If you let me indulge this cheesy analogy a little further, yes living within normal confines is comfy. But the coziness you leave behind when you choose to live differently is replaced by something more internally warming. Like swapping out piles of blankets that are only warm when you’re actually under them, for hot soup that gives you a nice glow from the inside.
Man, I love a metaphor.
The point is, as you start to embrace living in a way that may be different from the rest of ‘normal’ society, those looks bother you less, those comments roll off your back more.
Once you find meaning that stems from your own internal compass rather than looking for it in society-approved ways but ultimately vapid ways, everything starts to feel rather lovely indeed.
It might feel like it, but you’re not the only weirdo
Back in 2010, I started my first business venture. For the first six months, I didn’t tell a living soul, other than my husband. I was nervous to tell people, thinking they’d either dismiss it or tell me to stop filling my head with nonsense and get back to the real world.
Eventually, I announced what I was doing on Facebook. Within a couple of days, word had spread around the office and two separate colleagues told me that they were doing something very similar, but were too nervous to tell people too.

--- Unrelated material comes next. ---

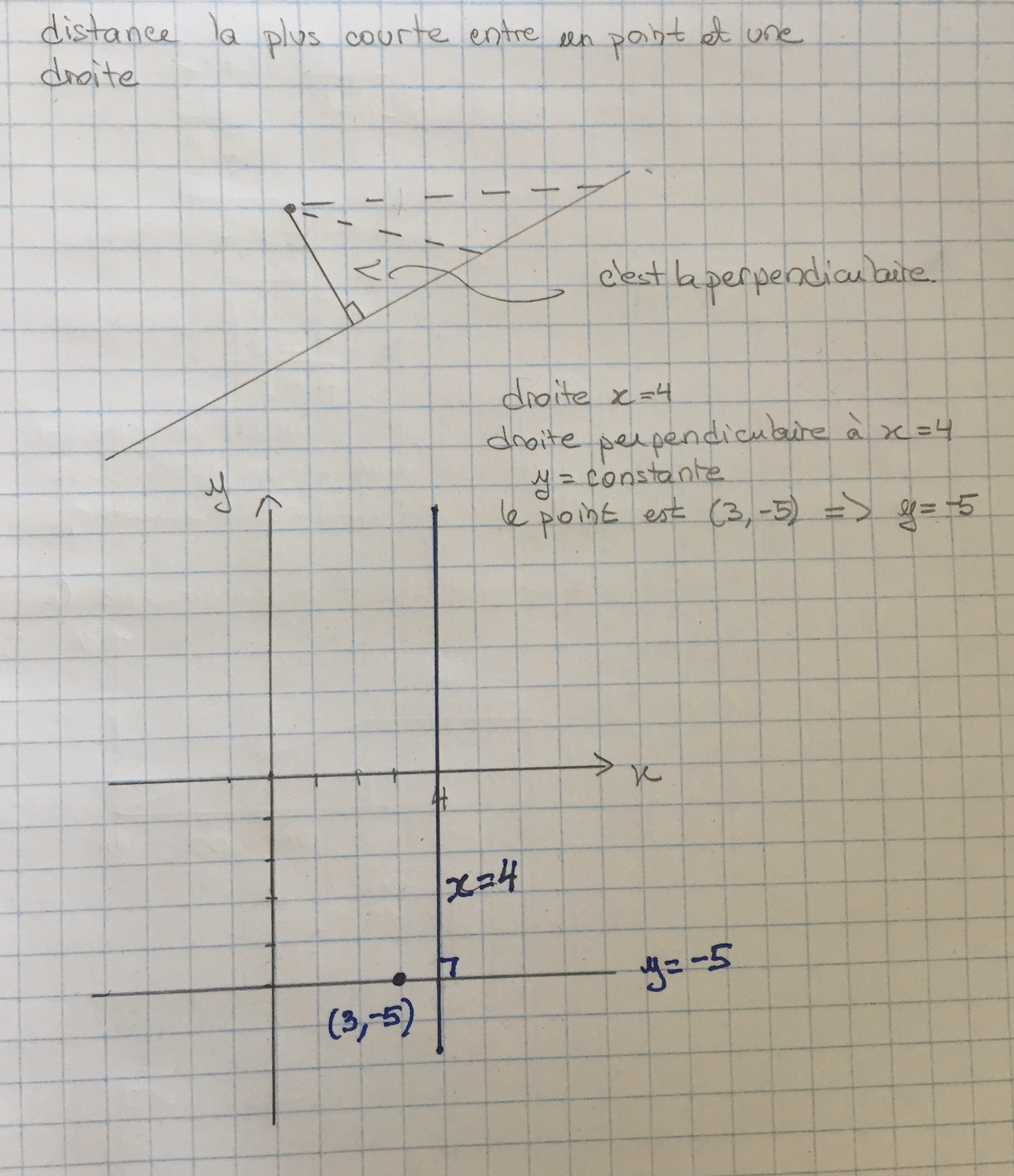 Il s'agit, en général, de trouver le point d'intersection entre la droite imaginaire qui passe par le point donné ayant pour pente l'opposé de l'inverse de celle de la droite donnée, et cette dernière.

Three of us had been working away trying to burst out of our confines, with no idea that two other people - people we interacted with every single day - were trying to do the same.
Take comfort that you’re probably not the only weirdo in the room.
If your childhood was anything like mine, you were told there was only one successful way to live and it included all the expensive trimmings.
It’s simply not true.
Learning to live differently and a bit like a weirdo can be uncomfortable and, well, weird, at first. But like everything, it gets easier with practice and time. Eventually, it becomes the new normal.
In the words of the great Ayodeji Awosika:
Next thing you know, you look up and what’s now normal to you would blow the mind of former you.
It’s all about putting one foot in front of the other and becoming the weirdo you always wanted to be.
Portugal is my home for the next 4 weeks so this week it’s obrigada for reading! There are no calls to action this week, just a simple statement:
I love you guys. Thanks so much for supporting me with your eyeballs.